How to Find a Place to Rent in Spain

Category: Student Tips

Spain is a very vast and diverse country so depending on where you plan to live, your expectations regarding finding a place to live will vary. Many people looking to study at a university will end up in a bigger city such as Madrid or Barcelona. So, let’s start there. We want to help you get off on the right foot and tell you what you want to avoid regarding how to find the best place for you.

As you probably guessed, a very useful place to start looking for your next place to call home is online. Idealista, is a very helpful site as they allow you to refine your search in a number of ways. You can choose whether you would like to rent on your own or share with another person, and they even give you the option to search for listings on sale if you are interested in buying. Then you get to pick from different types of housing such as apartments, flats, and rooms, among others. Lastly, Idealista, lets you chose from a list of approximately 100 different cities and areas within the country of Spain.

Although Idealista is a great resource, you do need to be careful as so many people use it. Once an apartment is posted, it is generally only available for a couple of days, so you need to be quick in responding when you find something you’re interested in. Also, it might be a good idea to actually CALL when you see something you like, as email conversations tend to take longer and the likelihood of getting what you want is generally decreased. You can also try Fotocasa, while Idealista is currently the most popular site for finding a flat, Fotocasa is also still widely used.

Facebook groups are another way to find a nice place. Erasmus groups are generally directed toward young national and international study abroad students. For the most part, every city and small town with a university or college will have a correlating Erasmus Facebook group.
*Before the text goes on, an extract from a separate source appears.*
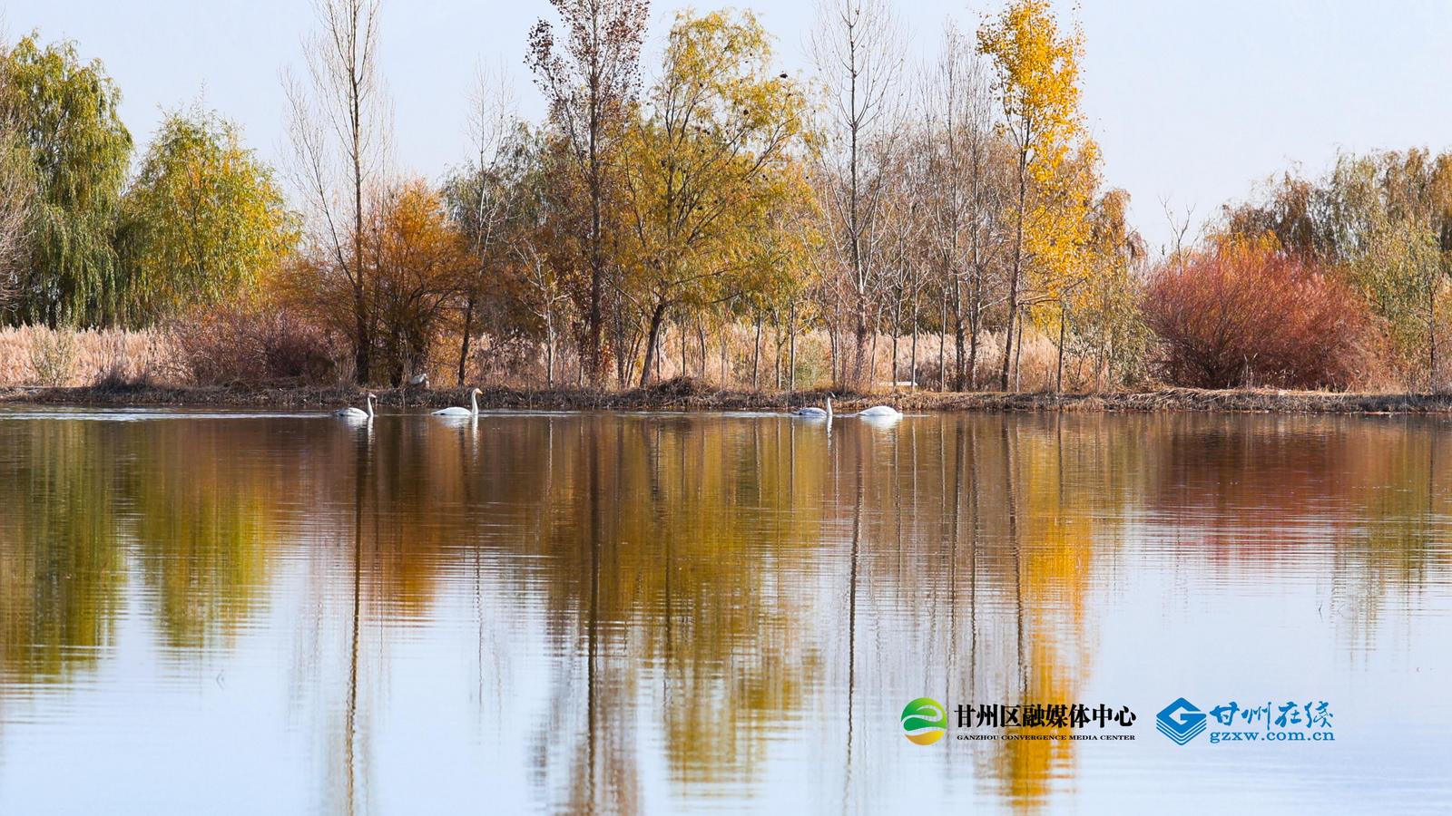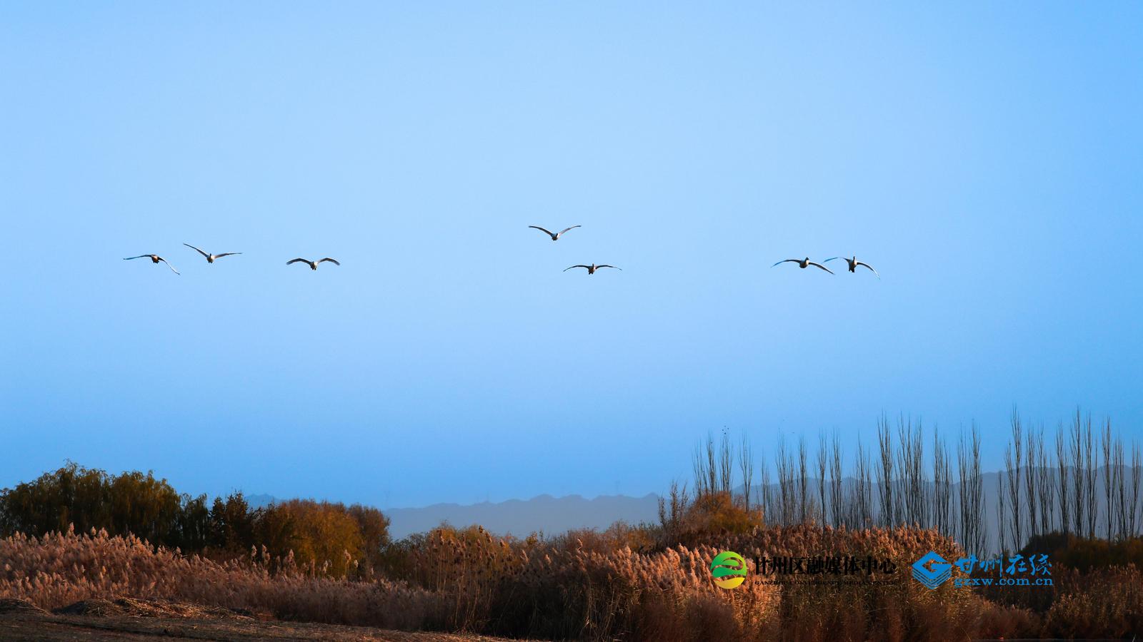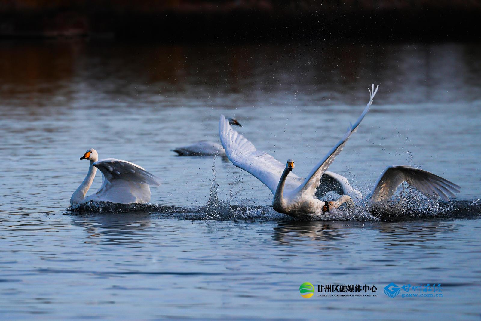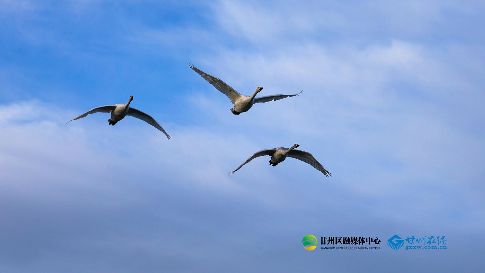 张掖湿地迎来“冬日客” 成群白天鹅翩翩而至

On these pages, students will post upcoming events, trips and information regarding housing and/or roommate searches.

Another great and very practical way to find a place to rent in Spain, if you are already in the area is by simply walking around. If you know which neighborhoods you are interested in, go, and check them out. Keep your eyes open and make sure to look up, as often times people rent the higher floors for living arrangements. If you see a sign that says “Se alquila”, either see if you can talk to someone there on site or make a note of it and call the number for more information.
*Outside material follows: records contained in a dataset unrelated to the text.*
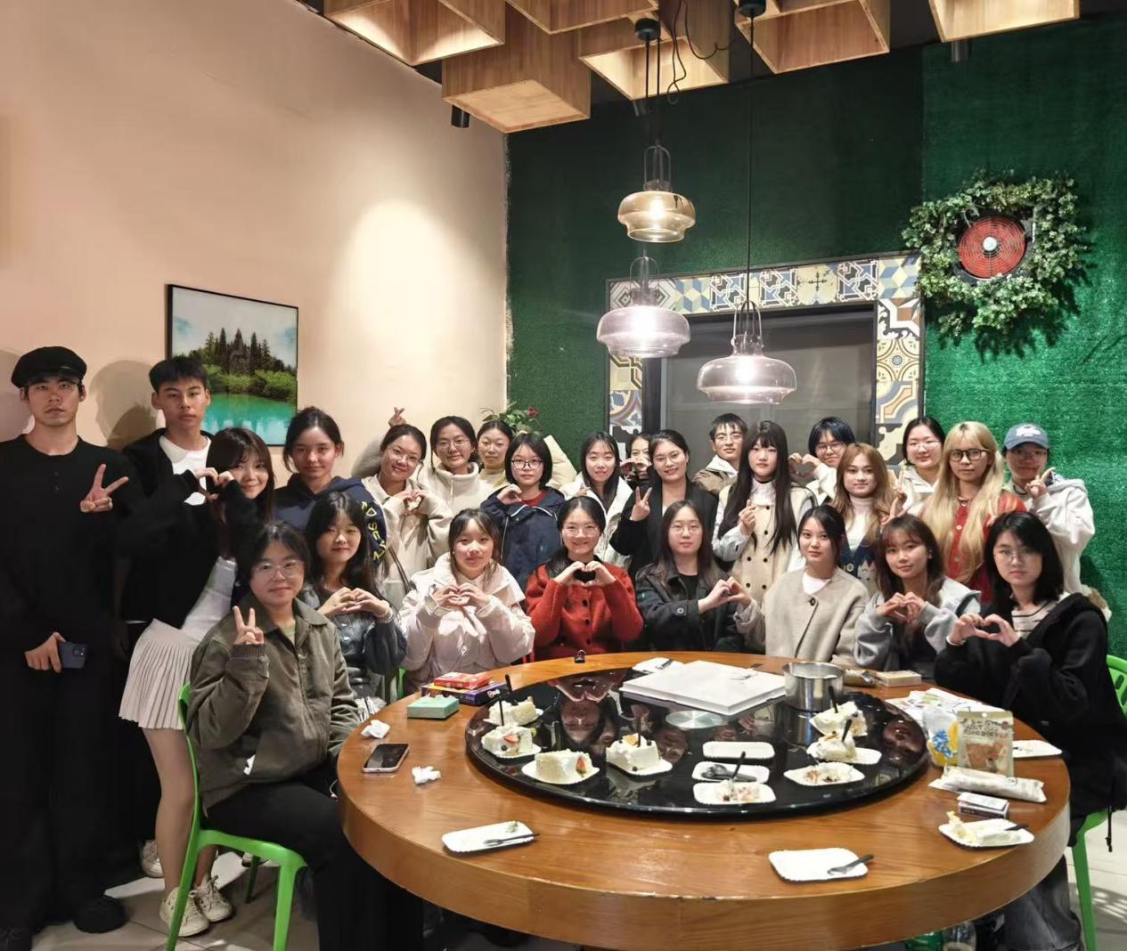 在自由畅谈的欢声笑语与趣味游戏的轻松氛围中,组策部同学精心筹备的惊喜蛋糕缓缓登场,瞬间点燃全场氛围。梁老师亲自为每位成员分切蛋糕,之后与大家一同举杯,既向同学们全程热情投入、积极参与表达了诚挚感谢,也为互助会未来的发展与成员间的深厚情谊送上了美好期许。
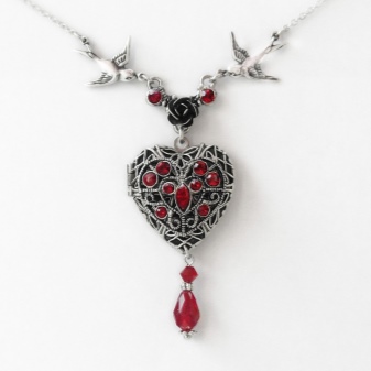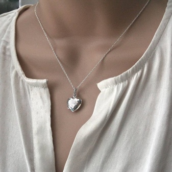 Hjerteformet anheng er perfekt for ethvert romantisk utseende. Det kan være en luftig kjole, en rufflebluse, en topp i linstil. Det er viktig at det ikke er noen dissonans mellom klesstilen og smykkene du velger. Ellers er det ingen begrensninger.
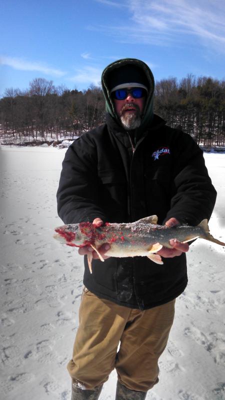 We missed two on tip ups and nothing jigging. Few Lakers 21-24" landed right around where we were fishing to our left(1 laker and a huge Pearch, Pict of laker), right and deeper out, landed 2 one on tip up and one jigging a spoon with a shiner on it.

As you are probably aware, the closer you are to the heart of a big city, the higher you can expect to pay. So before making your final decision, you will need to consider transportation costs verses the cost for living downtown. Keep in mind that most cities offer inexpensive forms of public transportation, so it might be worth taking the extra time to travel a bit to and from your university each day and save yourself some extra money on your rent.
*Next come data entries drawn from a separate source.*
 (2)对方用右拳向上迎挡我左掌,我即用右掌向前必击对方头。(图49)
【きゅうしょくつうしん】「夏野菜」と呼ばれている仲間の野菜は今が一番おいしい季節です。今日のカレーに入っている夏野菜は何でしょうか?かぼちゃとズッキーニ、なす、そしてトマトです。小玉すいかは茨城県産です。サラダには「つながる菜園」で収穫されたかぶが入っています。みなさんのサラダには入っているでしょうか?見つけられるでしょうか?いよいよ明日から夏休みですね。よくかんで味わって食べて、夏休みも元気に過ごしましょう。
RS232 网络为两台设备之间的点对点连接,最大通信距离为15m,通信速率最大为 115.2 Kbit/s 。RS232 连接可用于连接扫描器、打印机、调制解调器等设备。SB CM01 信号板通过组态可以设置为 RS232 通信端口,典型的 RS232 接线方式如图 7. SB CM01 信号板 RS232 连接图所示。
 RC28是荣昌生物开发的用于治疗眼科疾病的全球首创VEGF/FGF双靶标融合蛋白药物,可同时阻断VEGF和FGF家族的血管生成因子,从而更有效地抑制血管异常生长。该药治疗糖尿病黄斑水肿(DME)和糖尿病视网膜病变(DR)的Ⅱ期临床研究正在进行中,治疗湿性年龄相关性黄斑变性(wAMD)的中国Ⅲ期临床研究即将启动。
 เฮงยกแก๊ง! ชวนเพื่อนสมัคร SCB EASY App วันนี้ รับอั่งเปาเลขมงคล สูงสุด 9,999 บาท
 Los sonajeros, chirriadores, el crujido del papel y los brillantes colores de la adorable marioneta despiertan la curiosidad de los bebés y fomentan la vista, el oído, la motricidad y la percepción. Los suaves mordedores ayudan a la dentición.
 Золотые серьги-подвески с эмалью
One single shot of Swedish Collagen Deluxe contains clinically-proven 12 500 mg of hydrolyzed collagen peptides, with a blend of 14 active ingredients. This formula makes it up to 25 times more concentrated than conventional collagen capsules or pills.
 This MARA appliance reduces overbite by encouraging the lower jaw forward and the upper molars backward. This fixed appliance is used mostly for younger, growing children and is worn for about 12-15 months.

If you decide you would like to split the rental costs with a roommate, it is likely that your roommate will be another foreign person. It’s common in Spain for students to share flats with each other and usually makes the stay more fun because you make friends more quickly. Be sure to not live with another English speaker! You need to force yourself to be immersed in the Spanish language.

More often than not, young people from Spain live with their families well into their twenties and even into their thirties. It is recommendable to not sign a long, multiple month lease before “testing out” your new roommate. Make sure that you get along and enjoy living together before tying yourself into an uncomfortable situation. Many people say that setting up some type of cleaning schedule is very helpful and helps keep all of the roommates on track with the cleaning and avoids frustration and a messy living space.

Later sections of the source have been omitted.